The implementation of core dumping can be found in fs/binfmt_elf.c. I'll follow the code in 3.12 and above (it changed with commit 9b56d5438) but the logic is very similar.

The code initially decides how much to dump of a VMA (virtual memory area) in vma_dump_size. For an anonymous VMA such as the brk heap, it returns the full size of the VMA. During this step, the core limit is not involved.

The first phase of writing the core dump then writes a PT_LOAD header for each VMA. This is basically a pointer that says where to find the data in the remainder of the ELF file. The actual data is written by a for loop, and is actually a second phase.

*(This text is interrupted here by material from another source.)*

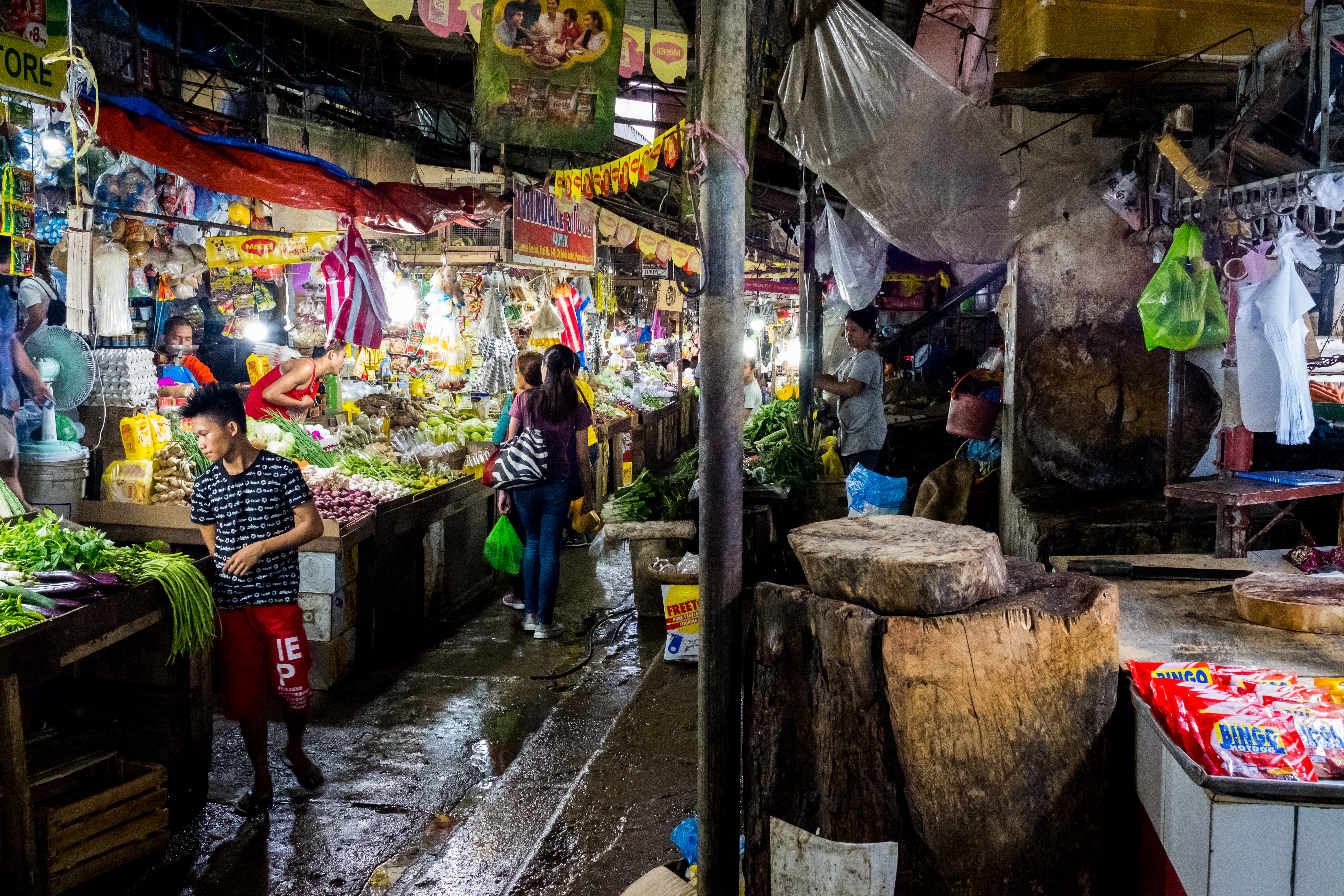 July 2017. Local markets provide for wants and needs. Being able to purchase rice, fish, and other goods is a primary driver of the need for cash and desire to be involved in enterprise projects. Puerto Princesa, Palawan, Philippines. Photograph by Jason Houston for USAID

During the second phase, elf_core_dump repeatedly calls get_dump_page to get a struct page pointer for each page of the program address space that has to be dumped. get_dump_page is a common utility function found in mm/gup.c. The comment to get_dump_page is helpful:

 * Returns NULL on any kind of failure - a hole must then be inserted into
 * the corefile, to preserve alignment with its headers; and also returns
 * NULL wherever the ZERO_PAGE, or an anonymous pte_none, has been found -
 * allowing a hole to be left in the corefile to save diskspace.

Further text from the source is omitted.